My son had worked for an hour, building a sandcastle on a stone in the middle of a tide pool, complete with a bridge and a small village on the shore. He even gave it a tourist attraction, “The Giant’s Footprint”, which made the village famous, prosperous, and secure.
…but not very.
The tide was rising. We could see it closing in, but we thought we still had time before it got to the village. Irish beaches can be surprising, though – the sand can look level as it stretches on and on, but when the water comes up it follows subtle hills and valleys that the eyes hadn’t recognised. One of these small rises had been protecting my son’s tide pool kingdom without us realising it. When the water came over, it came fast.

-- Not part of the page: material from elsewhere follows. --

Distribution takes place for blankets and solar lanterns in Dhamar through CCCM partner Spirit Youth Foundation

The first wave flooded everything, and toppled the buildings. A few more waves left no trace of the lively village or its famous footprint. The castle held a little longer, but not by much.

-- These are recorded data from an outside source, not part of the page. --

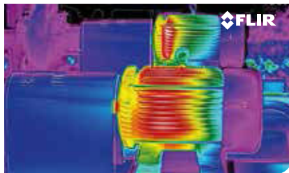
Continuous monitoring of a motor.
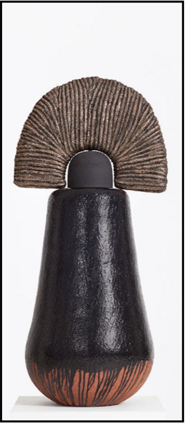
FIGURE 6c: Zizipho Poswa, Natalie Leumaleu , glazed earthenware, bronze, 2022.
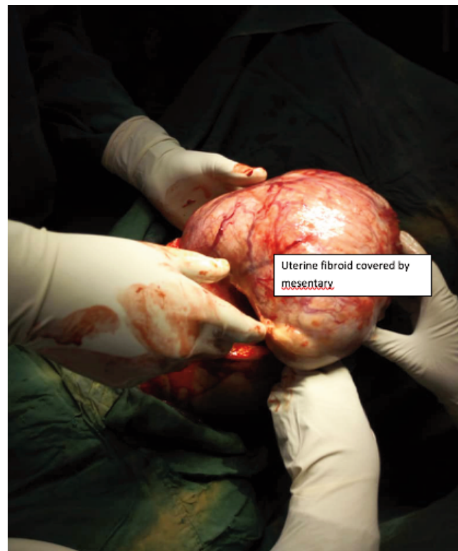
Figure 2. Pedunculated subserous fibroids covered with omentum.

My son was sad. He had invested time and effort in that place, and grown to love it. Now it was gone.
We’re sad, too. The tide has come up in our world more quickly than we thought it would. Sure, we knew it was going to come eventually – we all die, we all know that. The day comes when all our earthly sandcastles give way. But sometimes a wave comes unexpectedly, taking things we thought we’d have longer to enjoy.
This pandemic is our unexpected wave, eroding our confidence and our economy, taking some of us earlier than we expected, showing us how fragile our sandcastle kingdoms really are. Still, most of us will be here after the wave is gone. We’ll rebuild.
They rebuilt after the Spanish flu, didn’t they? And after the the Cholera outbreak, and the Plague. The waves came, humanity survived. But not the same humanity. The people who lived through the Spanish flu are gone now, except a handful who were babies. That was only 100 years ago.
I told my son that’s what happens: The tide always comes. The sandcastles always fall, no matter how big. It is sad. And it’s sad for us: We’ve invested a lot in this place, and we’ve grown to love it. We don’t like to leave, and we don’t like to see our hard work destroyed.
My son had a solution: he built a new castle, but this time he built it high on a rock. He said: “The citizens of the village escaped. They’re safe in this fortress.”
We need that fortress. Sooner or later, the tide comes for our world. It comes for us. But our Maker has built a city that the tide can never reach – a city where “He will wipe every tear from their eyes”, where “There will be no more death or mourning or crying or pain, for the old order of things has passed away.”
The only way to defeat the old order of things was to defeat our sin, which had caused it. And that’s why the only way to enter the city is to accept it as a gift from the nail-scarred hands of Jesus, who died the death we deserve and rose again with the power to save – so that when the tide comes in, those who trust Him can say, forever: “I’ve escaped, and I’m safe in this fortress”
Great thoughts!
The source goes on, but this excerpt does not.